■ Assignment ■
Set the pictures aside and write down, exactly as they appear, the lines from the one containing "Cuando los músicos" through the end of the material.

■ Data extract ■
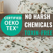 DaDalogy Enchanted Meadow Bed Sheet Set - Floral Harmony in Beige, Rose, and Soft Green, Premium Soft Microfiber, Machine Washable, Deep Pocket 14 - 15 Inches + Flat Sheet
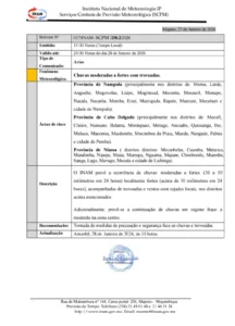 INAM EMITE AVISO DE CHUVAS MODERADAS A FORTES COM TROVOADAS NO NORTE DO PAÍS
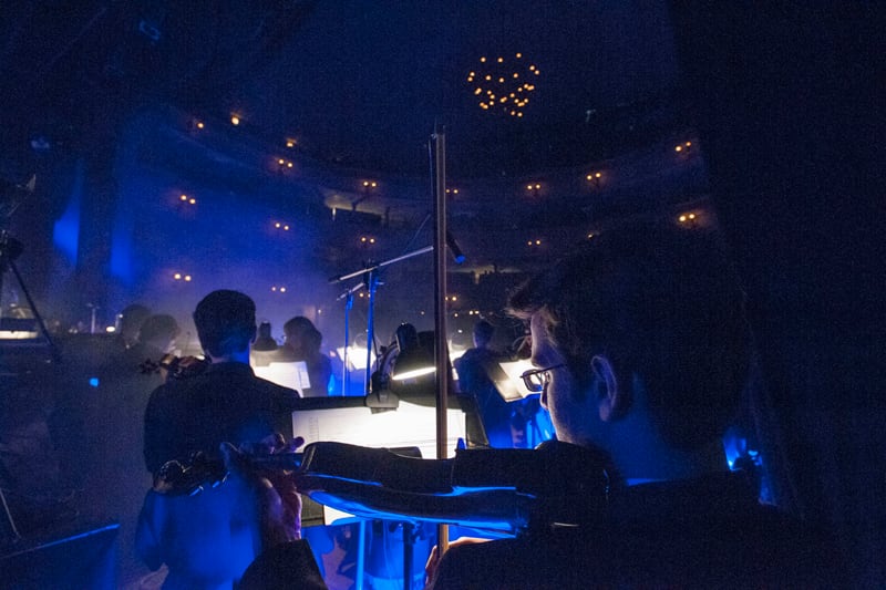 Cuando los músicos aparecieron en el escenario, gritos iban y venían. Lo que se robó la atención y provocó las carcajadas fue cuando una violinista entró de última al escenario con un traje rosado y una cola alta de medio lado.
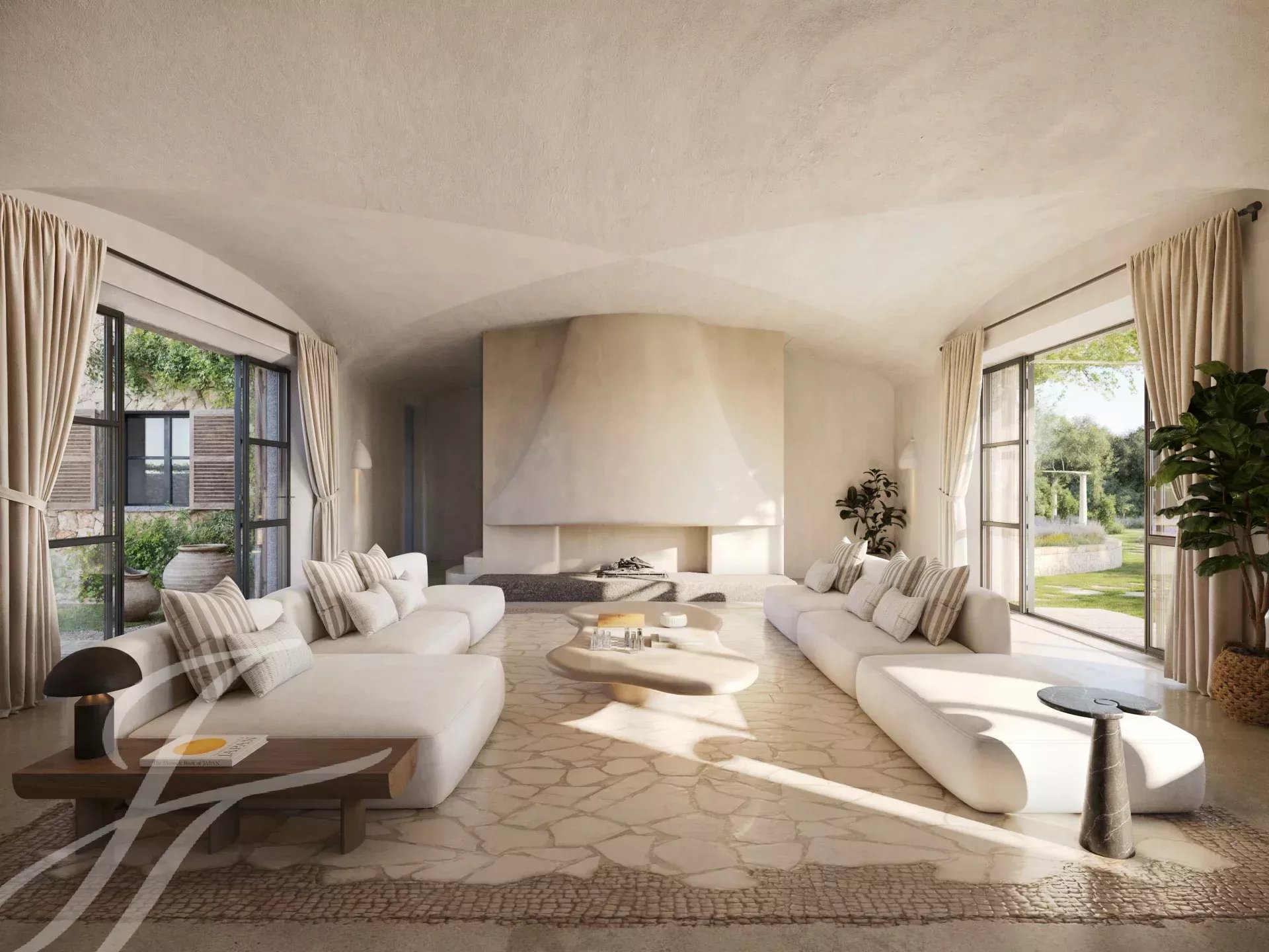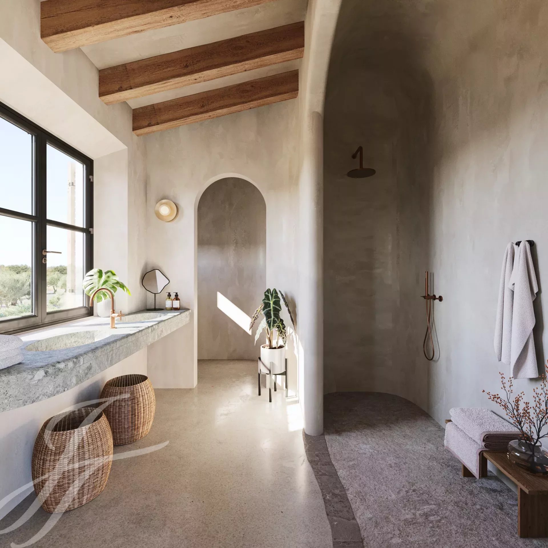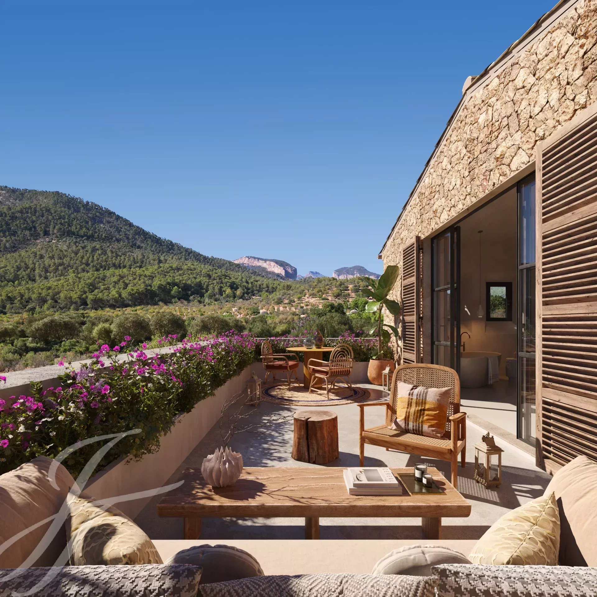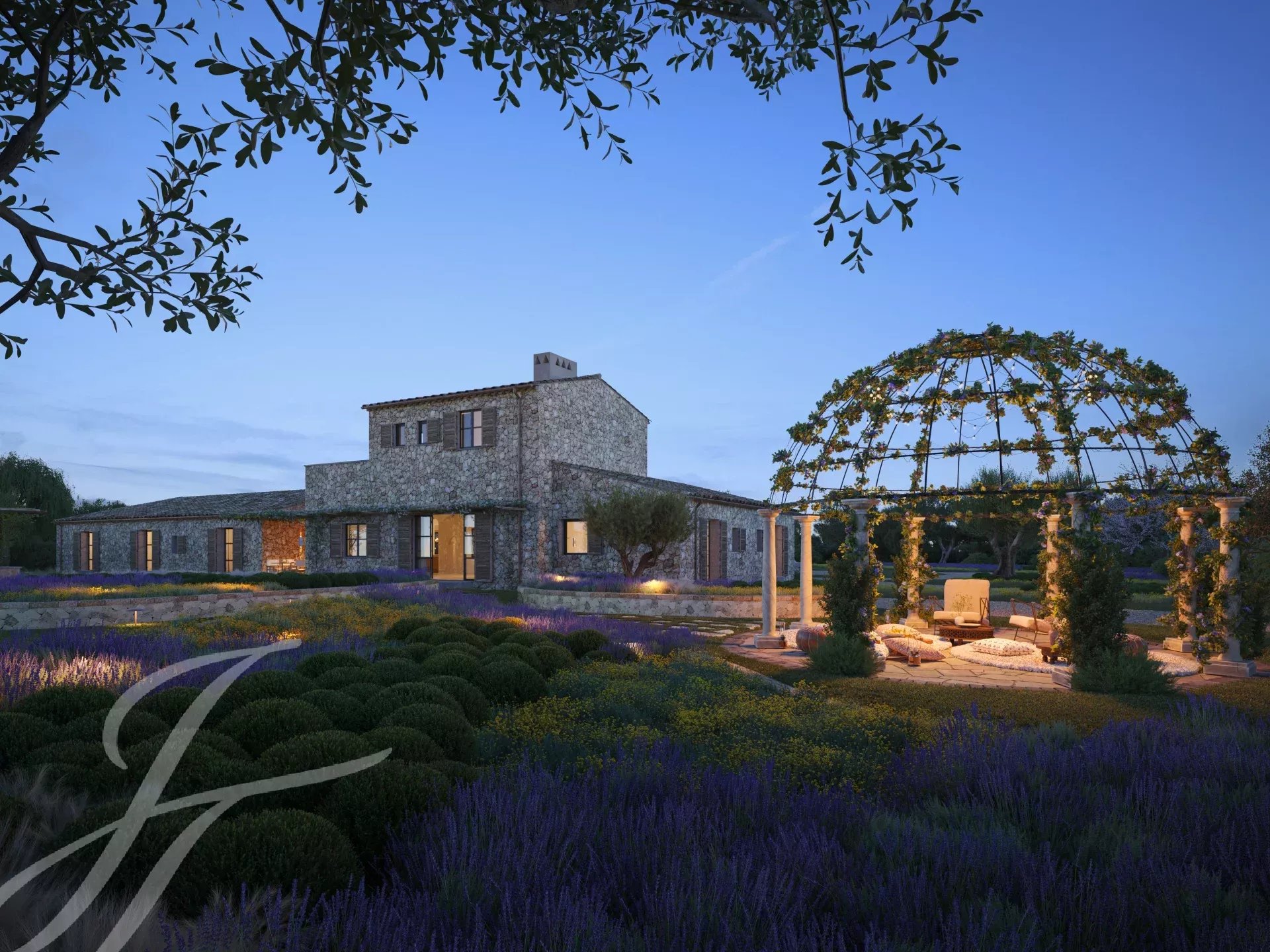 Cette belle maison de campagne boho-chic est actuellement en construction. Située dans l'un des endroits les plus recherchés de la campagne, à proximité de la ville et de l'aéroport, elle assure un accès facile et confortable à la propriété. Le patio d'entrée, la façade en pierre, les volets en bois, les hauts plafonds avec des poutres en bois et des plafonds en dôme, le sol en pierre, les fenêtres du sol au plafond et l'aménagement paysager méditerranéen créent une énergie fantastique et un flux naturel dans toute la maison.

■ Task result ■
 Cuando los músicos aparecieron en el escenario, gritos iban y venían. Lo que se robó la atención y provocó las carcajadas fue cuando una violinista entró de última al escenario con un traje rosado y una cola alta de medio lado.
 Cette belle maison de campagne boho-chic est actuellement en construction. Située dans l'un des endroits les plus recherchés de la campagne, à proximité de la ville et de l'aéroport, elle assure un accès facile et confortable à la propriété. Le patio d'entrée, la façade en pierre, les volets en bois, les hauts plafonds avec des poutres en bois et des plafonds en dôme, le sol en pierre, les fenêtres du sol au plafond et l'aménagement paysager méditerranéen créent une énergie fantastique et un flux naturel dans toute la maison.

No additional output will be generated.